----- MATERIALS PROVIDED

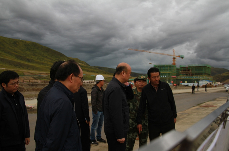 在展板前,冒着霏霏细雨,刘国中一行首先听取了来自业主方及各施工单位简明的工作汇报,站在“色达洛若撤乡建镇工程”规划图前,刘国中书记仔细询问每一项工程的施工进度情况,对公司承建的“色达县洛若镇公安分局及卫生院建设工程项目”表示非常满意,“施工单位一定要‘保质量、保安全、保工期’的完成承建任务,在这里看到公安分局跟卫生院的形象进度,要继续保持,打一个漂亮仗!”刘国中书记如是说道。
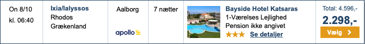 Hos Travelmarket har vi fundet gode tilbud med Apollo fra Aalborg til Rhodos:
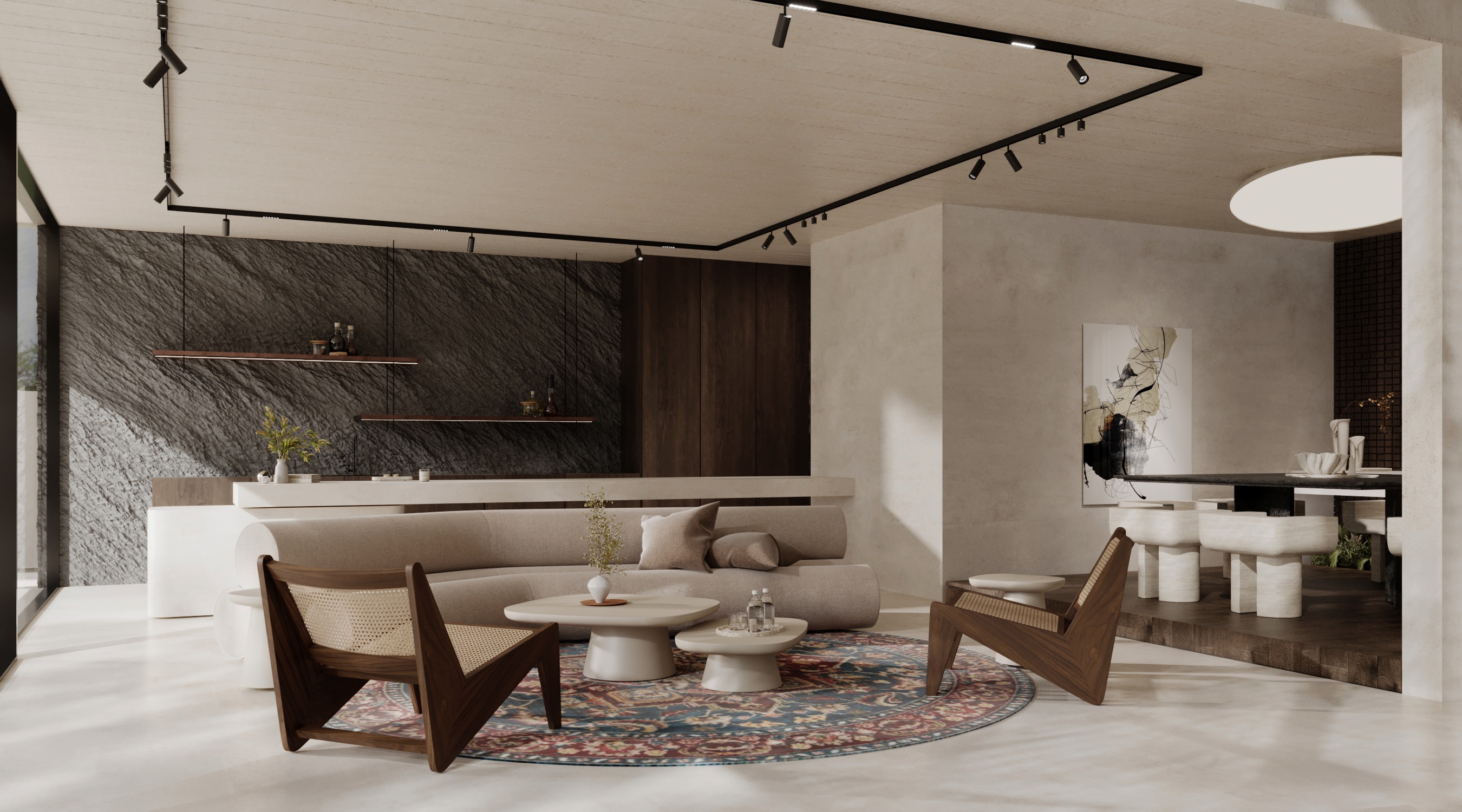 Located in Jabal Ali First–591, Dubai, UAE, this private villa explores the dialogue between rustic materiality and contemporary architectural expression. With a total built-up area of 500 square meters, the residence is conceived as a layered composition of textures, light, and spatial transitions that enhance both visual richness and everyday livability.
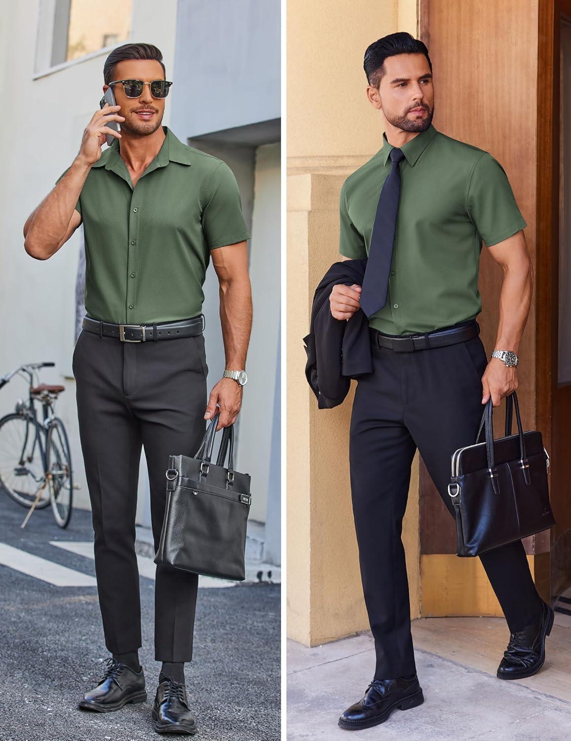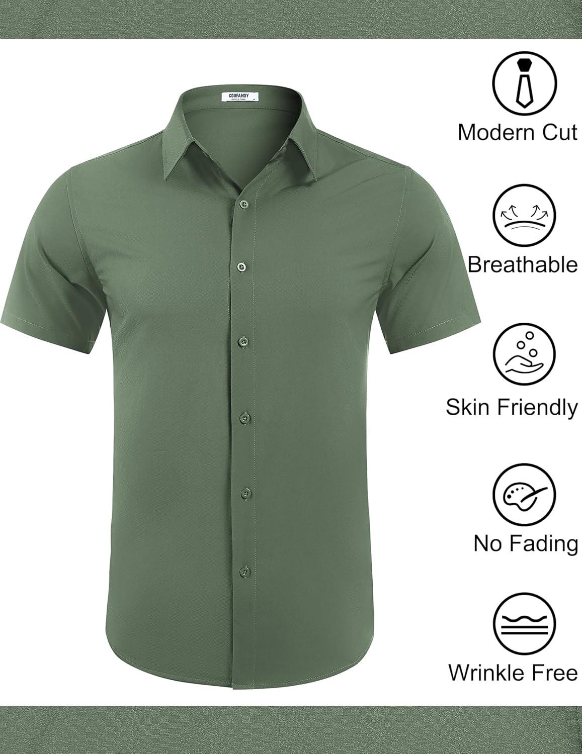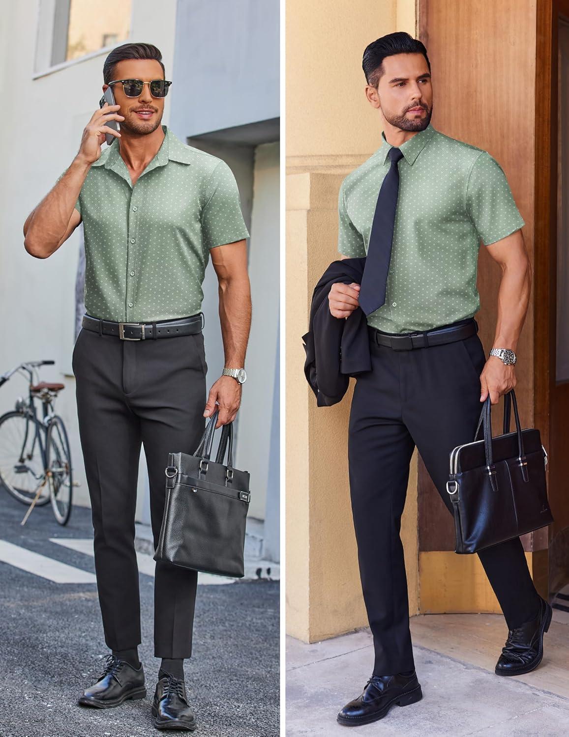 COOFANDY Mens Wrinkle Free Dress Shirt Polka Dot Short Sleeve Button Down Business Casual Shirts(Army Green)
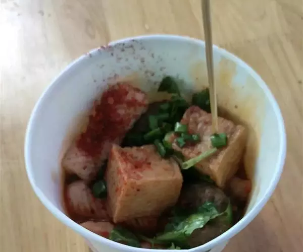 注:台湾臭豆腐还有采用秘制的韭菜+臭豆腐一起吃的
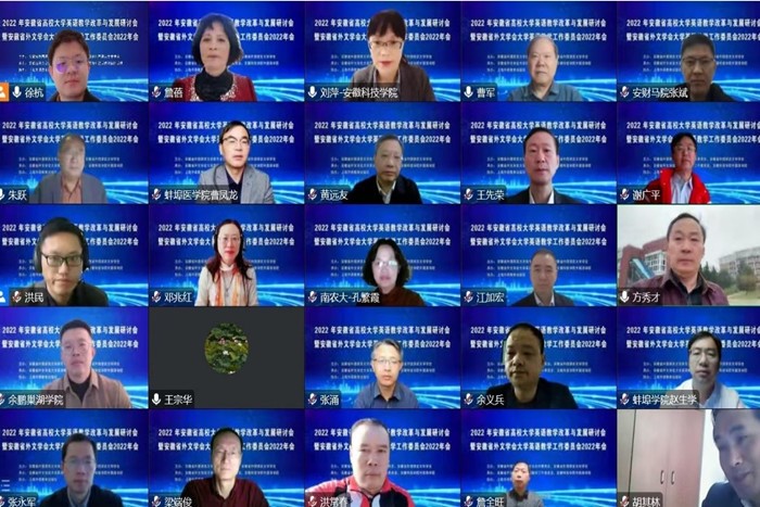 11月12日,安徽省大学英语教学改革与发展研讨会暨安徽省外文学会大学英语教学工作委员会2022年会如期在线上召开。会前,党委书记蒋德勤,党委副书记、院长李震高度重视研讨会承办工作,要求外国语学院精心组织确保高质量完成筹办任务,党委委员、副院长黄远友出席会议并致开幕辞。外国语学院院长刘萍主持开幕式和闭幕式。来自安徽省高校700余名专家学者汇聚云端,共同参加安徽省高校外语届一年一度的盛会。
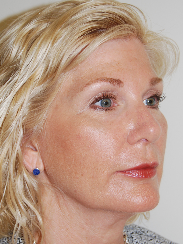 51 year old concerned with a tired appearance of the of the eyes. She is concerned with excess skin of the upper eyelids and dropping of the eye brows. She underwent endoscopic brow lifting and upper lid blepharoplasty. She is shown 4 months after surgery.
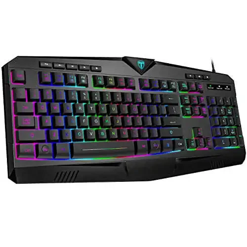 Dacoity Gaming Keyboard, Full Size RGB Backlit Quiet Computer Keyboard, Wrist Rest, Silent Keys, Multimedia Keys, Anti-ghosting, Waterproof Light Up USB Wired Keyboard for PC Mac Xbox Gamer Office
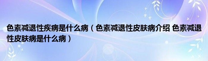 大家好,linda来为大家解答以上的问题。色素减退性疾病是什么病,色素减退性皮肤病介绍 色素减退性皮肤病是什么病很多人还不知道,现在让我们一起来看看吧!

----------

Quote every record above exactly, omitting any pictures they contain.

> _FINISHED EXERCISE_
 在展板前,冒着霏霏细雨,刘国中一行首先听取了来自业主方及各施工单位简明的工作汇报,站在“色达洛若撤乡建镇工程”规划图前,刘国中书记仔细询问每一项工程的施工进度情况,对公司承建的“色达县洛若镇公安分局及卫生院建设工程项目”表示非常满意,“施工单位一定要‘保质量、保安全、保工期’的完成承建任务,在这里看到公安分局跟卫生院的形象进度,要继续保持,打一个漂亮仗!”刘国中书记如是说道。
 Hos Travelmarket har vi fundet gode tilbud med Apollo fra Aalborg til Rhodos:
 Located in Jabal Ali First–591, Dubai, UAE, this private villa explores the dialogue between rustic materiality and contemporary architectural expression. With a total built-up area of 500 square meters, the residence is conceived as a layered composition of textures, light, and spatial transitions that enhance both visual richness and everyday livability.
 COOFANDY Mens Wrinkle Free Dress Shirt Polka Dot Short Sleeve Button Down Business Casual Shirts(Army Green)
 注:台湾臭豆腐还有采用秘制的韭菜+臭豆腐一起吃的
 11月12日,安徽省大学英语教学改革与发展研讨会暨安徽省外文学会大学英语教学工作委员会2022年会如期在线上召开。会前,党委书记蒋德勤,党委副书记、院长李震高度重视研讨会承办工作,要求外国语学院精心组织确保高质量完成筹办任务,党委委员、副院长黄远友出席会议并致开幕辞。外国语学院院长刘萍主持开幕式和闭幕式。来自安徽省高校700余名专家学者汇聚云端,共同参加安徽省高校外语届一年一度的盛会。
 51 year old concerned with a tired appearance of the of the eyes. She is concerned with excess skin of the upper eyelids and dropping of the eye brows. She underwent endoscopic brow lifting and upper lid blepharoplasty. She is shown 4 months after surgery.
 Dacoity Gaming Keyboard, Full Size RGB Backlit Quiet Computer Keyboard, Wrist Rest, Silent Keys, Multimedia Keys, Anti-ghosting, Waterproof Light Up USB Wired Keyboard for PC Mac Xbox Gamer Office
 大家好,linda来为大家解答以上的问题。色素减退性疾病是什么病,色素减退性皮肤病介绍 色素减退性皮肤病是什么病很多人还不知道,现在让我们一起来看看吧!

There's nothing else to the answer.